Quebec's Culture Minister expected the situation to be fixed, fans protested outside the Bell Centre and threatened to Boycott Molson products, and Cunneyworth himself had to vow that he would learn the language.

Cunneyworth wasn't brought back to coach. Was it really necessary to attack him that way, though?

4 Arrest Chara!

Everyone remembers Zdeno Chara's infamous hit on Max Pacioretty back in a 2011 regular season meeting.

Chara hit Pacioretty along the stanchion of a bench, and Pacioretty was lucky to not have suffered a broken neck.

The hit was as dirty as it came, though Chara proclaimed he didn't mean to, it's pretty obvious he had every intention of hurting Pacioretty.

Chara avoided suspension, but the Montreal Police Service actually had a criminal investigation into the matter, though nothing came out of it.

I'll admit that Chara should have faced a lofty punishment, but I've never heard of the police getting involved in an incident like this in sports.

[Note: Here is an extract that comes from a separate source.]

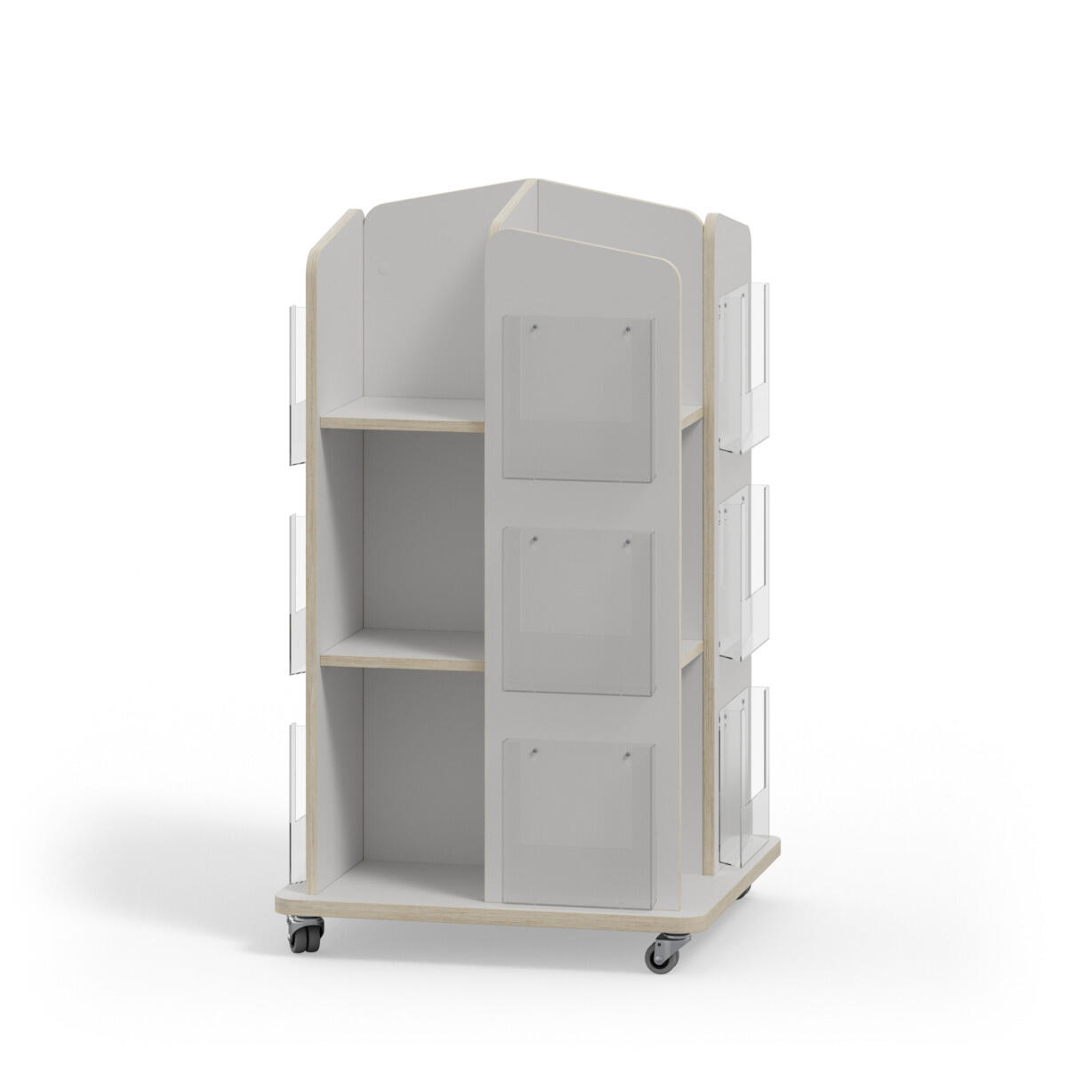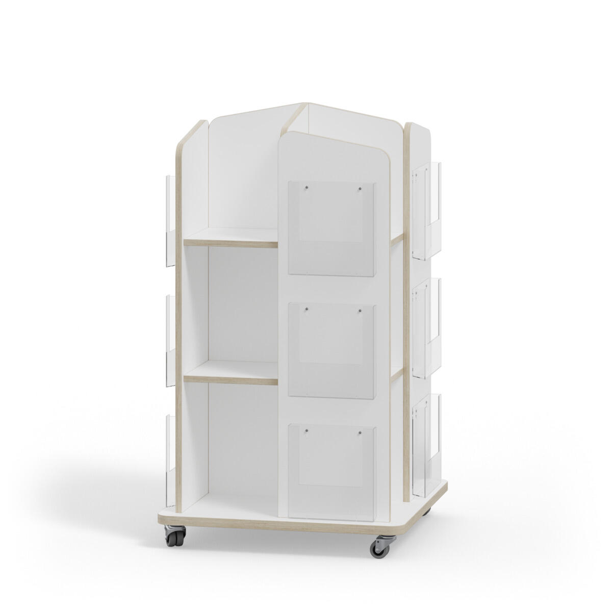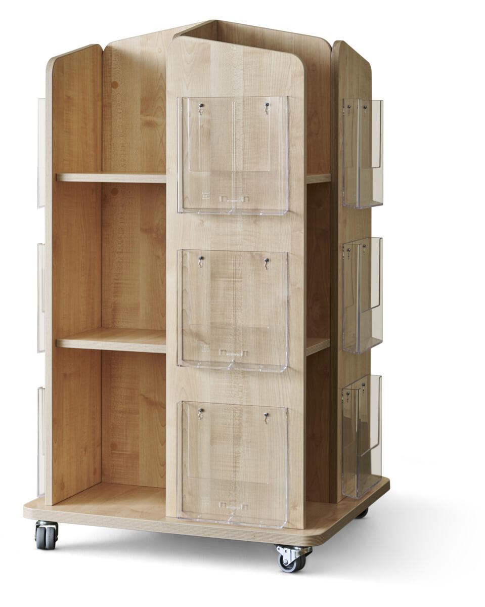 Bogvogn med 4 bevægelige dobbelthjul, hvoraf 2 er låsbare. Monterede ved levering. Alle fire sider har 3 plastiklommer til display i A4-format og 3 hylder. Fremstillet af 18 mm spånplade med laminat. Kantbånd i krydsfinérlook. Mål: H120x60x60 cm. Bundplade 69x69 cm. Hylder 27x27 cm. Højde mellem hylder 35 cm. Fra gulv til bundpladens overkant 10 cm.

Good on them, but it should have remained in the hands of the NHL.

3 Running Patrick Roy Out of Town

Habs fans still haven't gotten over this one.

Goalie Patrick Roy backstopped the Habs to Stanley Cup titles in 1986 and 1993, and it was obvious he was the franchise's icon.

Sadly, the Habs made a toxic decision to keep him in goal during a 1995 home game where he allowed nine goals in an 11-1 loss at home to the Detroit Red Wings.

The fans, like the aforementioned Price incident, sarcastically cheered after an easy save, and he mockingly put his arms up to celebrate. He then told management once he was pulled he had played his last game in Montreal.

The Habs got almost nothing in return when they traded him to the Colorado Avalanche. Roy backstopped the Avalanche to two Stanley Cup titles and made them a powerhouse for nearly a decade.

As for the Canadiens, they went through their worst stage in franchise history and haven't reached the Final since trading him.

When you have a superstar goalie, don't run him out of town. You have Carey Price now, so please treat him with respect.

2 Maurice Richard Punch

This controversy led to number one on the list, so it's critical you closely follow the details of this one.

Habs' legend Maurice Richard got into an ugly altercation against the Boston Bruins in a 1954 away game.

Richard was high-sticked by Hal Laycoe, and went to fight him after a bad cut on his face. Even though Laycoe was about to be penalized, Richard tried fighting him, and the referees tried restraining him.

Richard lost his cool and punched referee Cliff Thompson twice in the head, knocking him on the ground.

When does a player attack an official? Not much in today's sports anymore. But this did in fact lead to the biggest controversy in Canadiens' history.

1  1. Richard Riot

via sportsderuelle.ca

The biggest incident in Montreal Canadiens history, without a doubt.

After Richard's attack on Thompson, league president Clarence Campbell suspended Richard for the remainder of that season.

The Habs' faithful didn't take it kindly. When Campbell appeared at the Montreal Forum following Richard's suspension, a riot began in the arena and was carried out across the city.

Thousands of dollars worth of property damage occurred. Dozens of people were injured and 100 people were arrested. Thankfully, Richard willingly accepted the punishment and it led to peace from the fans.

Canadiens' fans did one funny thing out of this: Campbell was not related to the popular canned-soup company, but they made a bunch of canned-soups honouring Richard's name to mock Campbell.

But was all of this necessary because of one athlete's inexcusable actions? Definitely not. That's why this takes the top spot on the list.